**EXERCISE INSTRUCTIONS:** The required answer is an exact copy of every line from the beginning of the entries through the line with "This signet ring", with all pictures omitted.

-------- RECORDS SUPPLIED --------

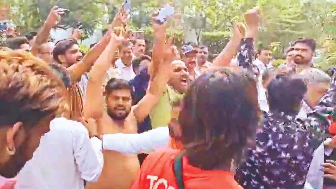 बुधवार सुबह जब बीजेपी विधायक नंदकिशोर के समर्थकों को गाजियाबाद पुलिस कमिश्नर के ट्रांसफर की सूचना मिली तो वह विधायक के घर इकट्ठा हो गए। इस बीच उन्होंने जमकर ढोल बजाए और डांस किया। इसका एक वीडियो भी सोशल मीडिया पर वायरल हुआ है, जिसमें समर्थको खुशी में झूमते दिख रहे हैं। एक समर्थक तो अर्धनग्न होकर नाचता दिख रहा है। वीडियो में विधायक नंदकिशोर भी दिख रहे हैं। वह लोगों को माला पहनाते नजर आ रहे हैं।
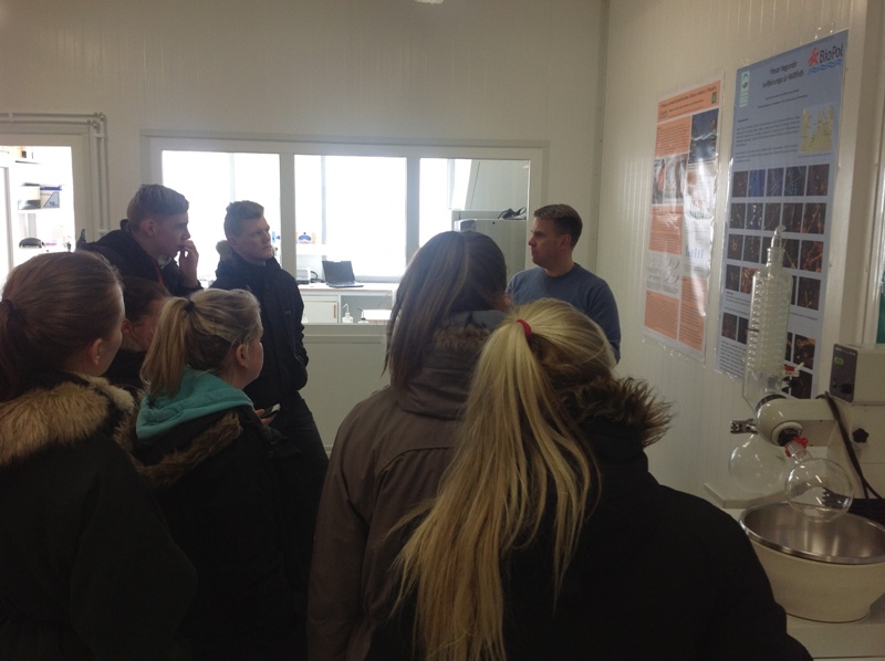 Í gær miðvikudaginn 26. febrúar fékk starfsfólk BioPol til sín góða gesti úr Fjölbrautarskóla Norðurlands Vestra. Um var að ræða 35 nemendur sem á opnum dögum völdu að ferðast um sitt heimahérað og heimsækja fyrirtæki og stofnanir. Nemendurnir fengu almenna kynningu á starfsemi BioPol ehf á Skagaströnd og fengu síðan tækifæri til þess að ganga um skoða ýmislegt áhugavert á rannsóknastofu félagsins. Við hjá BioPol erum afar þakklát yfir að fá svona áhugasama gesti í heimsókn og teljum mjög mikilvægt fyrir fyrirtækið að fá tækifæri til að kynna starfsemi sína fyrir svona ungu og frambærilegu fólki.
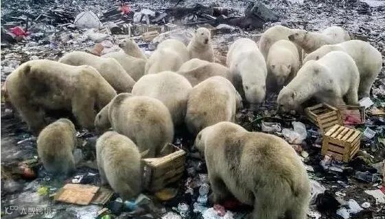 被垃圾包围的北极熊
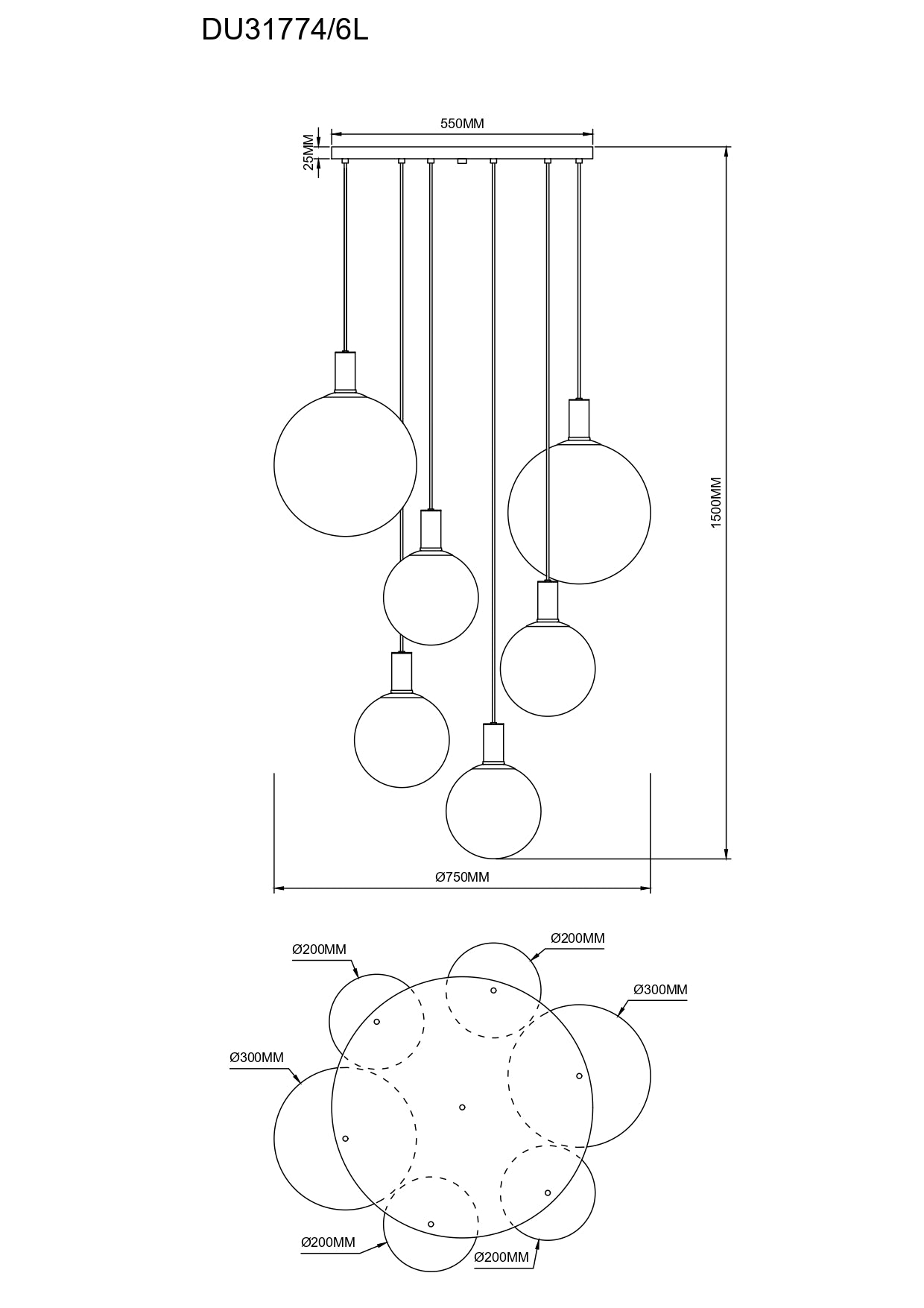 - Leuchtmittel: 6x E27 (25W)
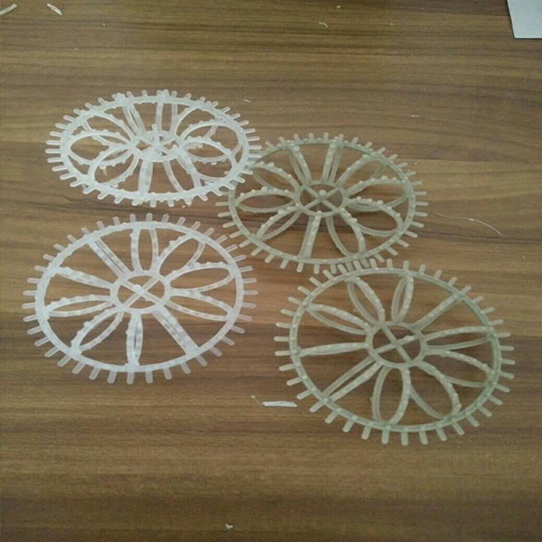 其(qí)結(jié)構是將塑料圓片壓扣改成雙圈大塑料環,將醛化纖維或滌綸絲(sī)壓在環的環圈(quān)上,使纖維束均勻分布;內圈是雪花狀塑料枝條,既能掛膜,又能有效切割(gē)氣泡,提高氧的轉移速率和利用率(lǜ)。使水氣生物膜得到充分交換,使水中的有機(jī)物得到高效處理。
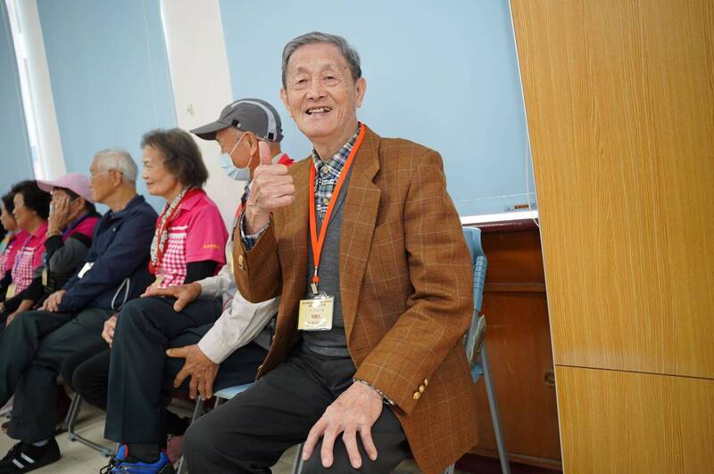 最高齡的耆老志工蘇添明(右1)認為,陪伴是最長情的告白。(新竹縣政府提供)
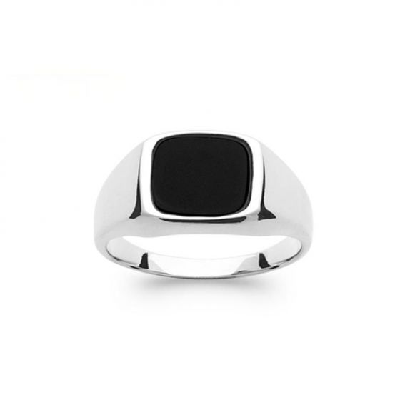 This signet ring is in rhodium-plated 925/1000 silver. The central stone is an onyx stone.
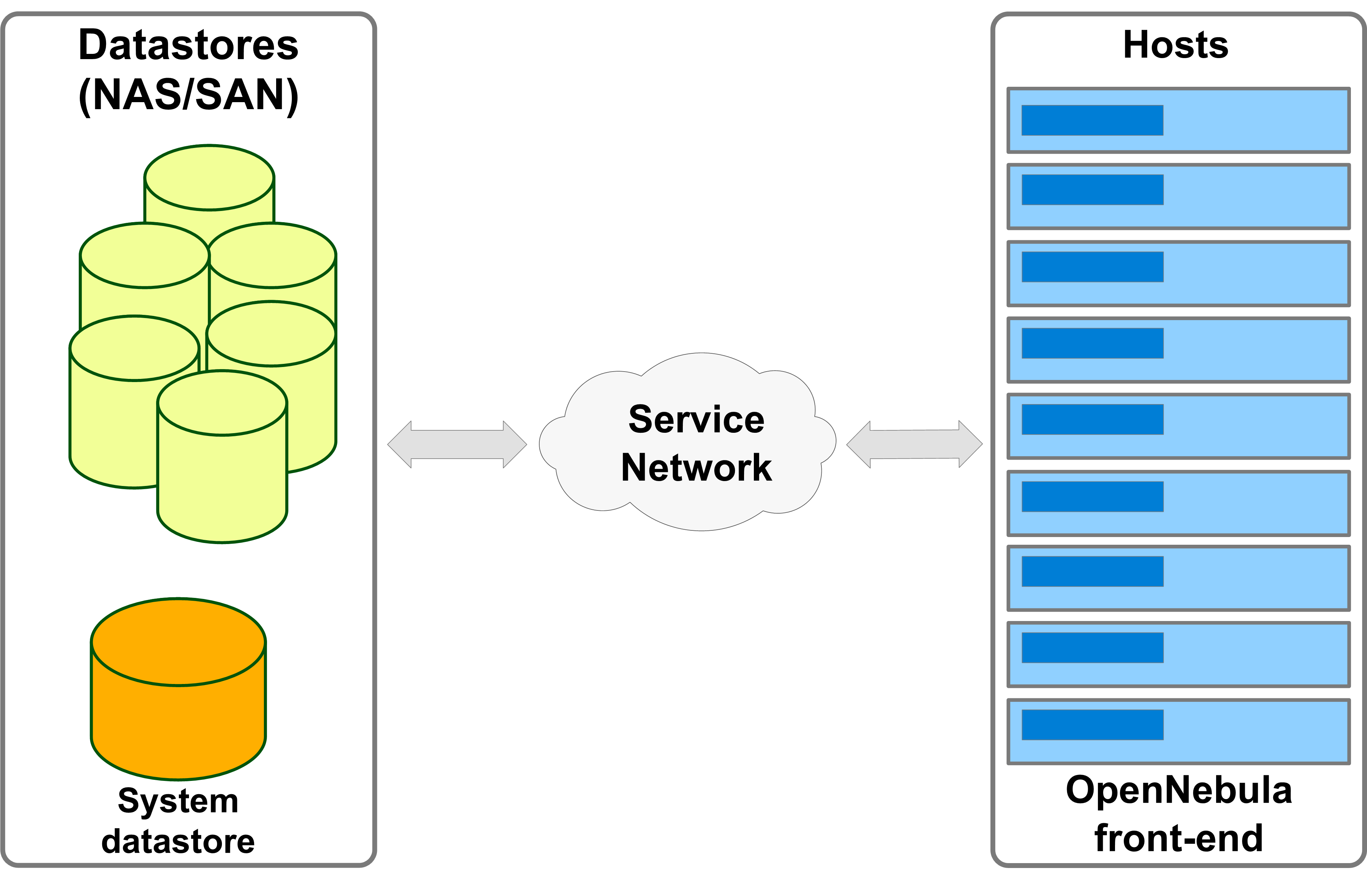 오픈네뷸라에는 시스템 데이터스토어, 이미지 데이터스토어 및 파일 데이터스토어의 세 가지 데이터스토어 클래스가 포함되어 있다. 시스템 데이터스토어는 가상 머신을 실행하는 데 사용되는 이미지를 저장한다. 이미지는 사용되는 스토리지 기술에 따라 원본 이미지의 전체 복사본, 델타 또는 심볼릭 링크일 수 있다. 이미지 데이터스토어는 디스크 이미지 저장소를 저장하는 데 사용된다. 가상 머신이 배포되거나 조작될 때 이미지 데이터스토어의 이미지가 시스템 데이터스토어로 이동하거나 이동된다. 파일 데이터스토어는 일반 파일을 위해 사용되며 커널, 램 디스크 또는 컨텍스트 파일에 자주 사용된다.

--------

**COMPLETED EXERCISE:**
 बुधवार सुबह जब बीजेपी विधायक नंदकिशोर के समर्थकों को गाजियाबाद पुलिस कमिश्नर के ट्रांसफर की सूचना मिली तो वह विधायक के घर इकट्ठा हो गए। इस बीच उन्होंने जमकर ढोल बजाए और डांस किया। इसका एक वीडियो भी सोशल मीडिया पर वायरल हुआ है, जिसमें समर्थको खुशी में झूमते दिख रहे हैं। एक समर्थक तो अर्धनग्न होकर नाचता दिख रहा है। वीडियो में विधायक नंदकिशोर भी दिख रहे हैं। वह लोगों को माला पहनाते नजर आ रहे हैं।
 Í gær miðvikudaginn 26. febrúar fékk starfsfólk BioPol til sín góða gesti úr Fjölbrautarskóla Norðurlands Vestra. Um var að ræða 35 nemendur sem á opnum dögum völdu að ferðast um sitt heimahérað og heimsækja fyrirtæki og stofnanir. Nemendurnir fengu almenna kynningu á starfsemi BioPol ehf á Skagaströnd og fengu síðan tækifæri til þess að ganga um skoða ýmislegt áhugavert á rannsóknastofu félagsins. Við hjá BioPol erum afar þakklát yfir að fá svona áhugasama gesti í heimsókn og teljum mjög mikilvægt fyrir fyrirtækið að fá tækifæri til að kynna starfsemi sína fyrir svona ungu og frambærilegu fólki.
 被垃圾包围的北极熊
 - Leuchtmittel: 6x E27 (25W)
 其(qí)結(jié)構是將塑料圓片壓扣改成雙圈大塑料環,將醛化纖維或滌綸絲(sī)壓在環的環圈(quān)上,使纖維束均勻分布;內圈是雪花狀塑料枝條,既能掛膜,又能有效切割(gē)氣泡,提高氧的轉移速率和利用率(lǜ)。使水氣生物膜得到充分交換,使水中的有機(jī)物得到高效處理。
 最高齡的耆老志工蘇添明(右1)認為,陪伴是最長情的告白。(新竹縣政府提供)
 This signet ring is in rhodium-plated 925/1000 silver. The central stone is an onyx stone.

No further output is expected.